◆ **Task input**

/---

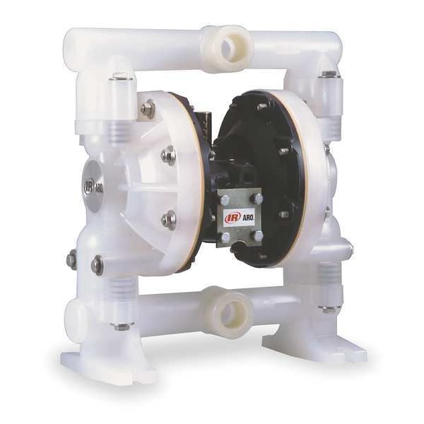 Double Diaphragm Pump, Air Consumption (Maximum) 45 scfm, Air Intake Connection Size 1/4 in, Air Intake Connection Type NPT, Check Seat Material Polypropylene, Diaphragm Material PTFE, Feet of Head (Maximum) 289 ft, Flow Rate (Maximum) 48 gpm, Manifold Connection Single Port, Media Discharge Connection Size 1 in, Media Discharge Connection Type NPTF, Media Discharge Location Center, Media Intake Connection Size 1 in, Media Intake Connection Type NPTF, Media Intake Location Center
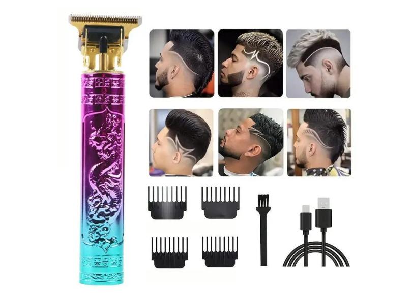 Máquina Cortar Cabelo Acabamento Recarregável Dragão Rosa
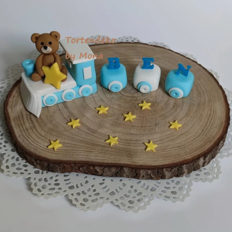 Tortenmotiv Heißluftballon mit Teddys und Zug mit Namen, Sterne und Wolken. Es sind verschiedene Varianten, die Sie gerne kaufen möchten möglich, einfach die Variante wählen. Der Ballon besteht aus einer Styropor Kugel mit einem Durchmesser von 10 cm . Höhe der Ballons von Korb( Styropor drunter) ab sind 25 cm.Teddys sind ca 7 cm hoch.
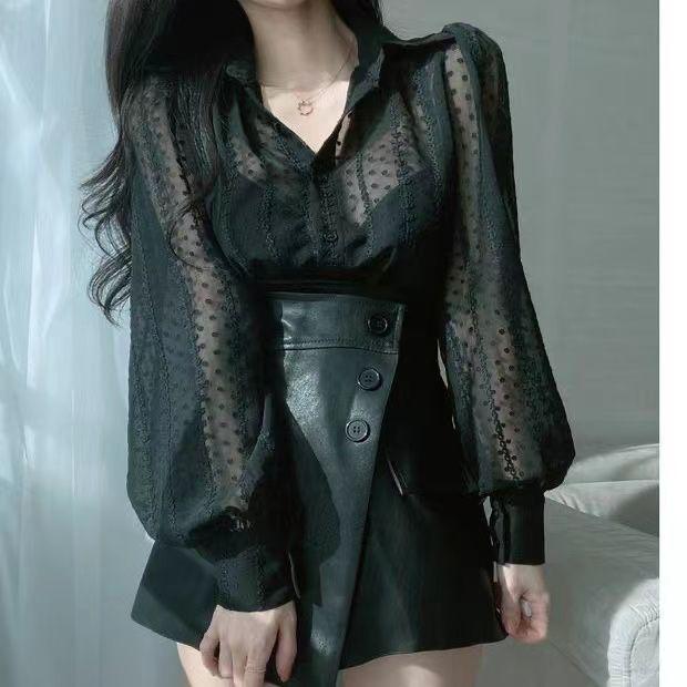 Autumn 2026 Elegant Embroidered Puff Sleeve Crochet Shirt for Women
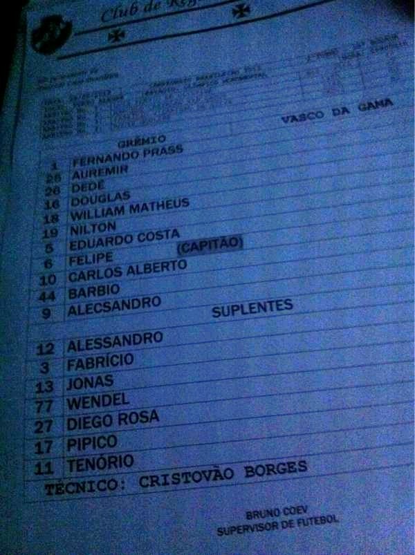 Fonte: Twitter da assessora de imprensa do Vasco Patricia Gregório
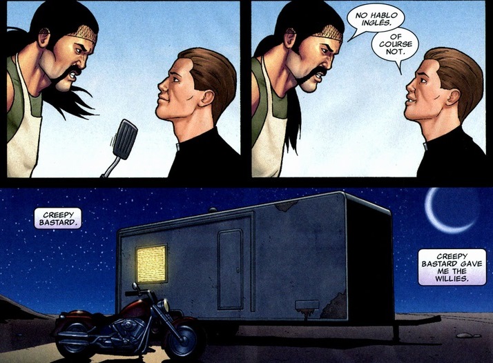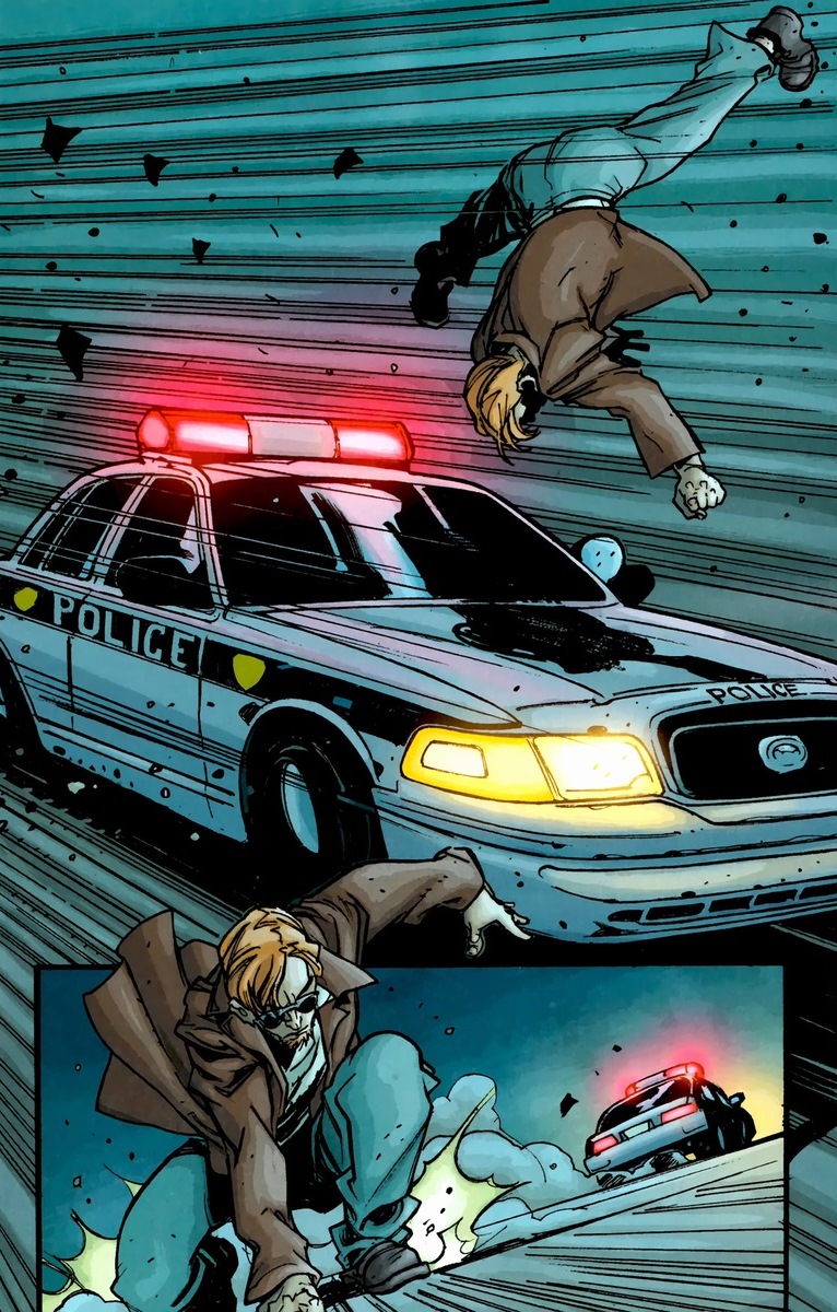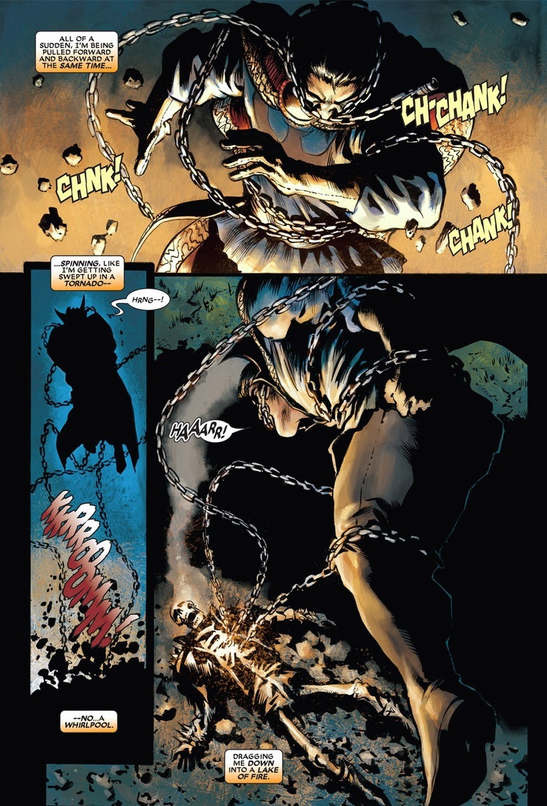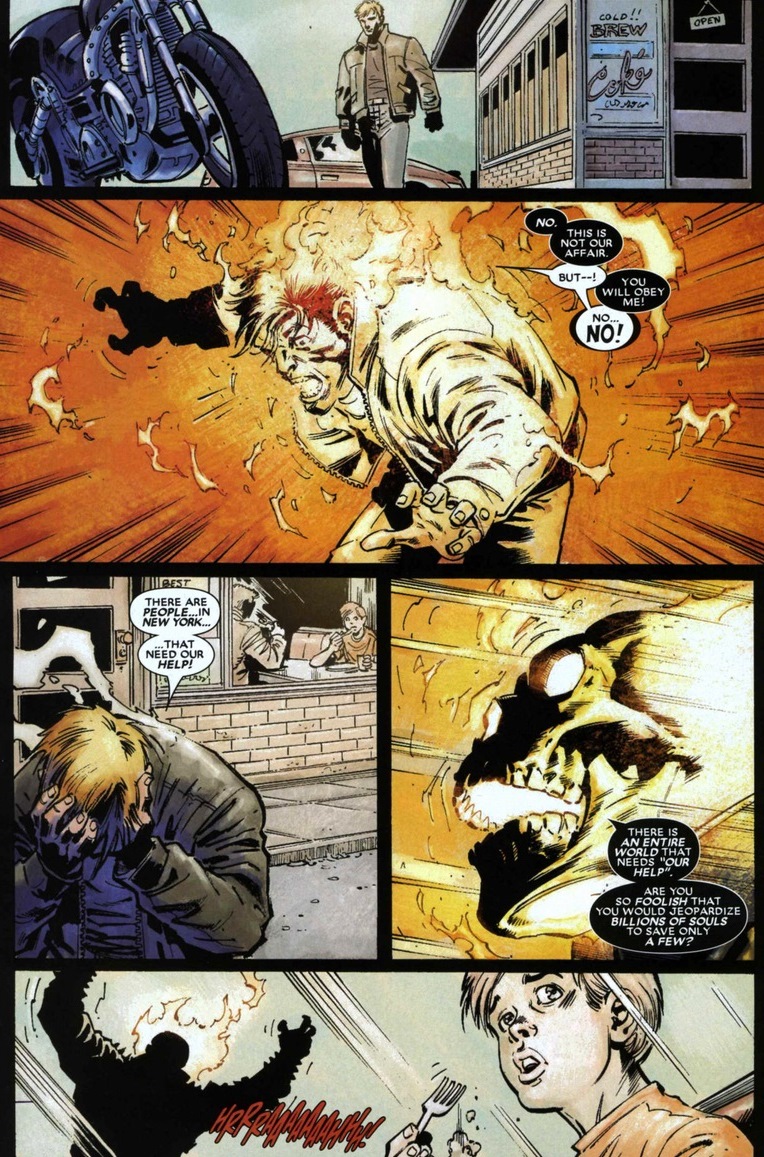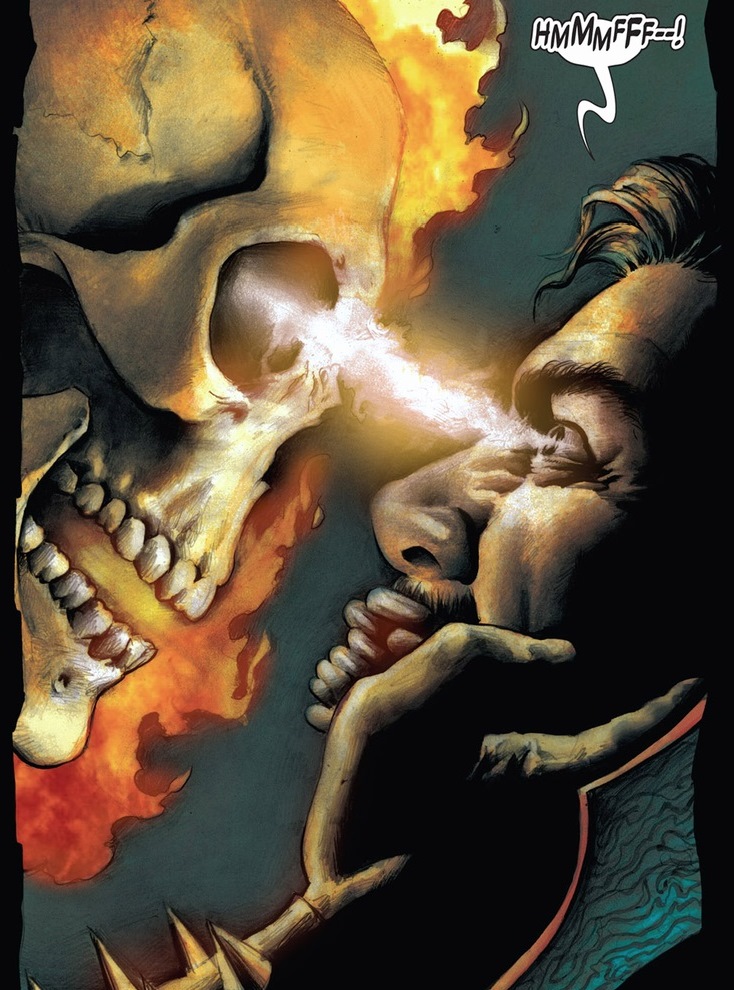 In Ghost Rider #2-3, volume six, written by Daniel Way and drawn by Javier Saltares & Mark Texeira, Johnny Blaze recently escaped from Hell the issue before. Unfortunately, he also unwittingly snuck the devil out as well, and now he has to kill all 666 versions of Lucifer roaming the country. Bad times. And then this happens:
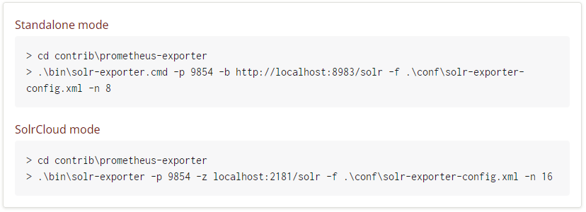 - -n the number of threads. The solr-exporter creates thread pools for requests to Solr. Request latency can be improved by increasing the number of threads (default is 1).
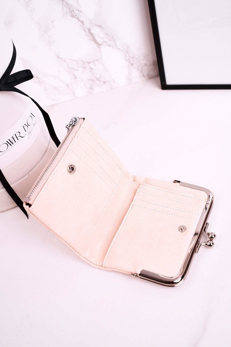 Маленький жіночий гаманець застібається на гачок бежевого кольору
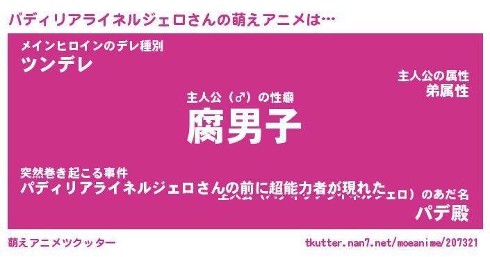 | 男性向けラノベタイトル風あだ名 | 『パディリアライネルジェロアートオンライン』 |

\---

◆ **Your task**
Give the lines above again exactly, from the one containing "Autumn 2026 Elegant" to the one containing "Fonte: Twitter da", both included, but leave out the pictures.

◆ **Completed task**
 Autumn 2026 Elegant Embroidered Puff Sleeve Crochet Shirt for Women
 Fonte: Twitter da assessora de imprensa do Vasco Patricia Gregório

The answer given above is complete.